Specific to this topic, with power I was thinking even if one eliminates all the controllable factors bum luck is still around the corner. Your right it is not a matter of time or inevitable a knowledgeable professional approach that manages risk properly should allow one to safely work around something as dangerous as high voltage lines. Basically exactly what I did not do and it nearly cost me everything.


----------



## clearance (Oct 24, 2007)

Mitchell said:


> motorcycles mix in a lot more variables [other people's decisions] then working around lines. I do think the old timer was right however, I believe if you put in enough miles you will "crash". Is there a rider out there without a good war story? Or some one it that community who is not missing a few acquaintances?
> Specific to this topic, with power I was thinking even if one eliminates all the controllable factors bum luck is still around the corner. Your right it is not a matter of time or inevitable a knowledgeable professional approach that manages risk properly should allow one to safely work around something as dangerous as high voltage lines. Basically exactly what I did not do and it nearly cost me everything.

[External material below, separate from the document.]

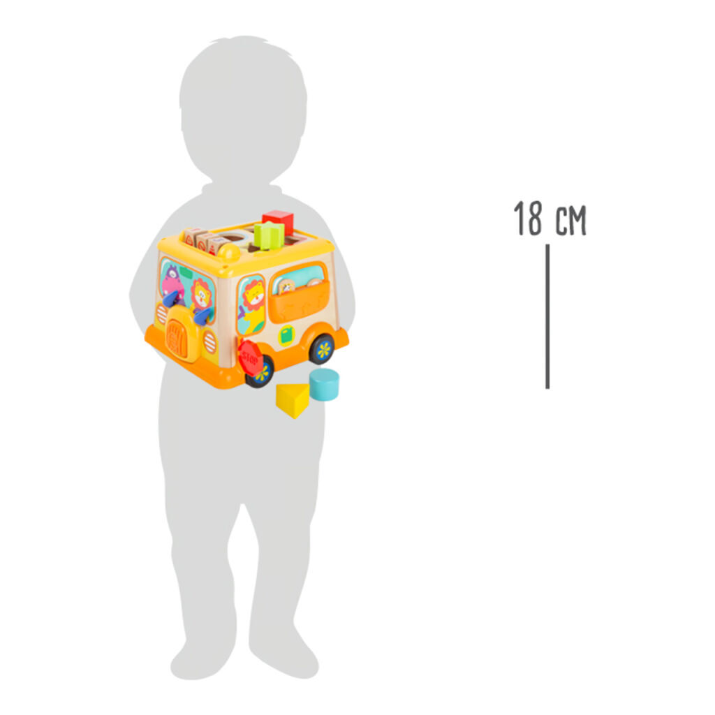 Tady bude spousta zábavy! Na všech stranách tohoto školního autobusu je něco, co byste měli objevit. Ať už se jedná o pohyblivé stěrače čelního skla s cvakáním, učení se číslům a tvarům nebo prostě jen troubit na klakson. Batolata mohou trénovat své jemné motorické dovednosti a hravě podporovat rozvoj své fantazie a kreativity. Značka stop a kostky semaforu jim dávají první pochopení pravidel silničního provozu, zatímco geometrické dřevěné tvary lze snadno vyjmout ze školního autobusu přes dvířka na zadní straně. Velká vzdělávací hračka i v malých hracích prostorách.

Like I said, glad you are ok. I suggest you look up section 19 (Electrical safety) on the Worksafe B.C. website (WCB). Fact is, on voltages ranging from over 751 volts to 60 000 volts the unqualified limit of approach (C), (you) is 10 ft. As a C.U.A. my limit on 12 KV is (A)-tested tool-1ft. (B) personal, including inadvertant movement-3ft. For 25 KV (A) is 11/2 ft., (B) is 4 ft. For 60 KV (A) is 3 ft and (B) is 5 ft. 
There are many old easements in backyards around B.C., we have to climb them, as long as proper work procedures are followed its just a routine part of the job.


----------



## Farmer Ferd (Oct 24, 2007)

I was working in a backyard trimming a tree. The tip of the mulberry was close to what looked like a 440 line about 15 foot away and only about 25 foot off the ground. I held the base of the small branch in my hand and started cutting with my silky. I got a nice little zap not on my silky but on my hand holding the branch. I did a double take. there was nothing touching the branch which was only one inch in diameter where I was and only leaves near the power line. I touched the branch again without cutting, nothing, I started cutting again but very lightly and i could feel the current there. scary needless to say that was it for me.


----------



## Mitchell (Oct 24, 2007)

*10'*

I will review the approach distances again. I am [and was] aware of the 10' to single insulator bare lines however, in this case I did not know I was near one. I have traditionally been respectful of the approach distances and I will be doubly so now.


----------



## ciscoguy01 (Oct 26, 2007)

*IN-Law*



beowulf343 said:


> I'm actually surprised at your surprise. Lines running through backyards is actually quite common in parts of NY. Was working for Asplundh when they picked up the contract for RG&E. They had to put on as many split-dumps as buckets because so many of their lines ran through backyards. They had whole circuits that were 90% backyard. Groundies definitely earned their pay on those crews.
> 
> Glad you are ok-it can definitely be a shocking experience!



My step dad in-law works for Asplundh here in the 'daks. Those boys are CRAZY busy for sure...


----------



## Timbersports (Nov 20, 2007)

High lines require high voltage to push the current for long distances. If you are well grounded, no matter what part of the body the line touches, it will most likely be blown off. Your clothes will be on fire. You most likely will not survive. Your body is like a resistor. Voltage devided by resistance (ohms)equals current (amps). The resistance between your arm and leg is about 500 ohms give or take due to humidity and skin type...etc, other places are much less resistive. 12000 volts devided by 500 equals 24 amps. It takes less than one amp to kill you. 200ma will almost do it. Be very thankfull you were not well grounded. The big lines dont play. So glad you are ok.


----------



## tree md (Nov 20, 2007)

I have "brushed" HV (or high tension) before myself.

Won't go into it unless you ask me to but let me say, I learned a lesson! 

Had it go through my entire body and escaped unscathed (that i can tell  )!!!

Only happened 1 time tho and I learned from it... Thank you Jesus! 

I've had friends that weren't so lucky!


----------



## Mitchell (Nov 20, 2007)

*look up and live*

Divinity aside, it was luck pure and simple. [althought not sure what I might have done to warrent intervention if the big guy had a say that day]. The event did not really register with me at the time...


----------